### Task inputs
»»
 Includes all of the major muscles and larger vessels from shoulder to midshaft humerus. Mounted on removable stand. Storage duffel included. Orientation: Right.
««
»»
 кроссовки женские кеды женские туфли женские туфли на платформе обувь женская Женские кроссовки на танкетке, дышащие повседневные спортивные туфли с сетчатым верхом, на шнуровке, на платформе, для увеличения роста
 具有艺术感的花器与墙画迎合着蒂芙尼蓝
««
»»
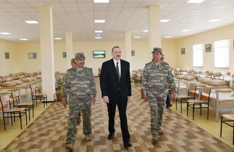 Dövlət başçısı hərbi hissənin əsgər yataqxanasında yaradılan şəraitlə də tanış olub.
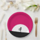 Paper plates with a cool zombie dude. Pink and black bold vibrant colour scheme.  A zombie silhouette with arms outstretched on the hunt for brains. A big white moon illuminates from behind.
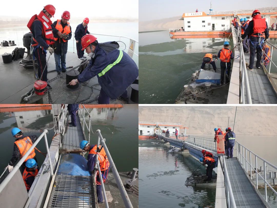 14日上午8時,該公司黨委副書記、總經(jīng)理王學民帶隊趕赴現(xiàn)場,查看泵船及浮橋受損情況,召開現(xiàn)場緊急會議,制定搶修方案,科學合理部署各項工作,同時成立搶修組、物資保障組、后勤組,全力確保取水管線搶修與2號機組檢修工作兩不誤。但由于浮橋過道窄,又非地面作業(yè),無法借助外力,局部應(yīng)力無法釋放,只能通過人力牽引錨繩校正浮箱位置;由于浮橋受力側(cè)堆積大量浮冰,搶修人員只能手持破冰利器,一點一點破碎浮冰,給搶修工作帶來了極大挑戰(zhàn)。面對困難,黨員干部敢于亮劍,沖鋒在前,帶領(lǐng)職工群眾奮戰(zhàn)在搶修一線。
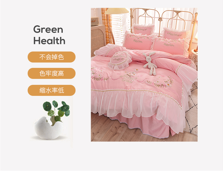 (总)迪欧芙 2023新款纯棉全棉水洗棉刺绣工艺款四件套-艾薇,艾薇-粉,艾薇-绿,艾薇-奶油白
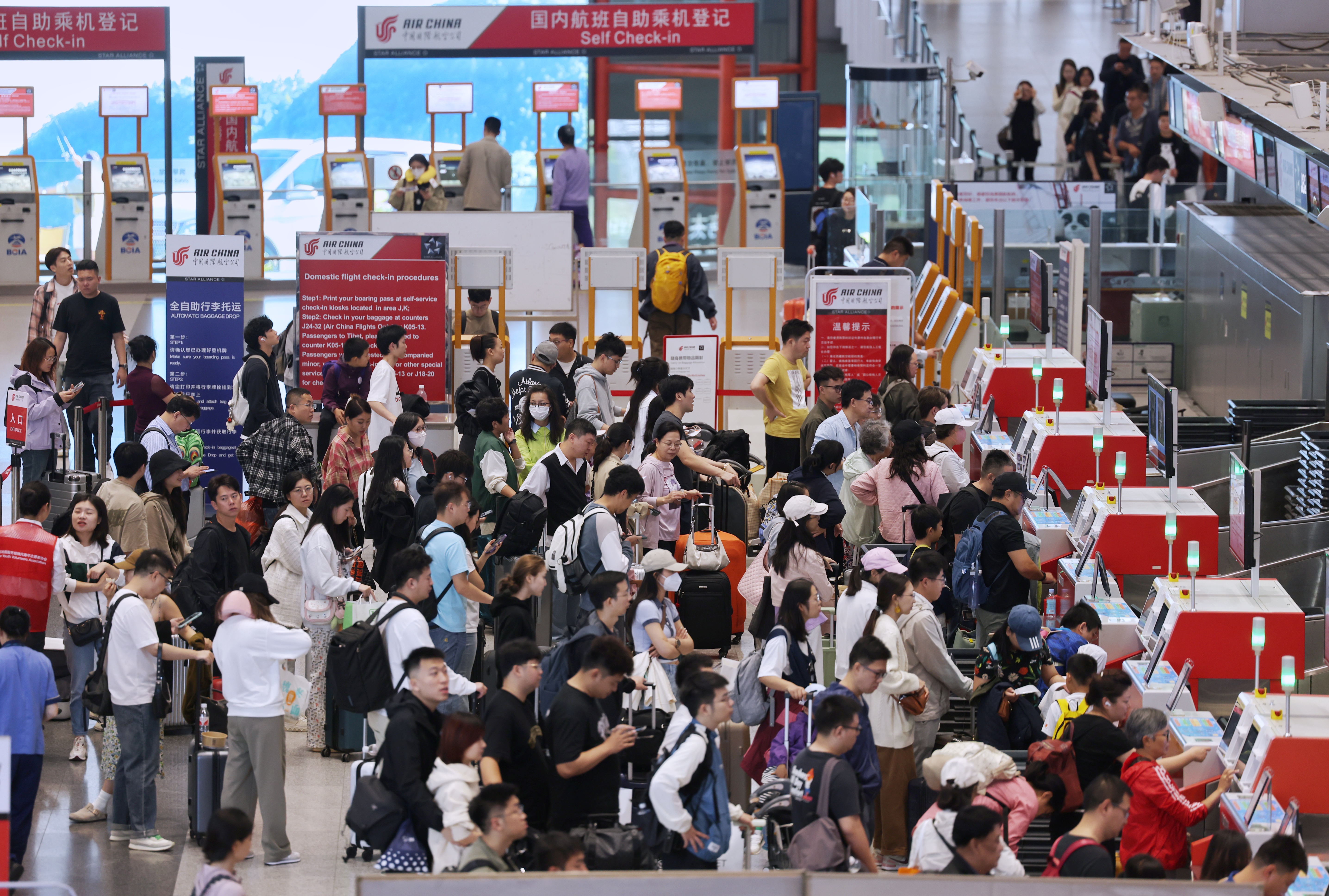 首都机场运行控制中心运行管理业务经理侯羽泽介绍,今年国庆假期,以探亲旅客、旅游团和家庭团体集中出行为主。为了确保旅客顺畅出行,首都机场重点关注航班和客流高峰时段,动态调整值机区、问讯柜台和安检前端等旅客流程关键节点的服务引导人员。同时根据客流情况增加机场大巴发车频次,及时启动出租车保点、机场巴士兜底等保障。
««
### Exercise brief
Referring to the material above, set down exactly the lines between the line with "кроссовки женские кеды" and the line with "具有艺术感的花器与墙画迎合着蒂芙尼蓝", inclusive, and no other lines.

### Output of the task
 кроссовки женские кеды женские туфли женские туфли на платформе обувь женская Женские кроссовки на танкетке, дышащие повседневные спортивные туфли с сетчатым верхом, на шнуровке, на платформе, для увеличения роста
 具有艺术感的花器与墙画迎合着蒂芙尼蓝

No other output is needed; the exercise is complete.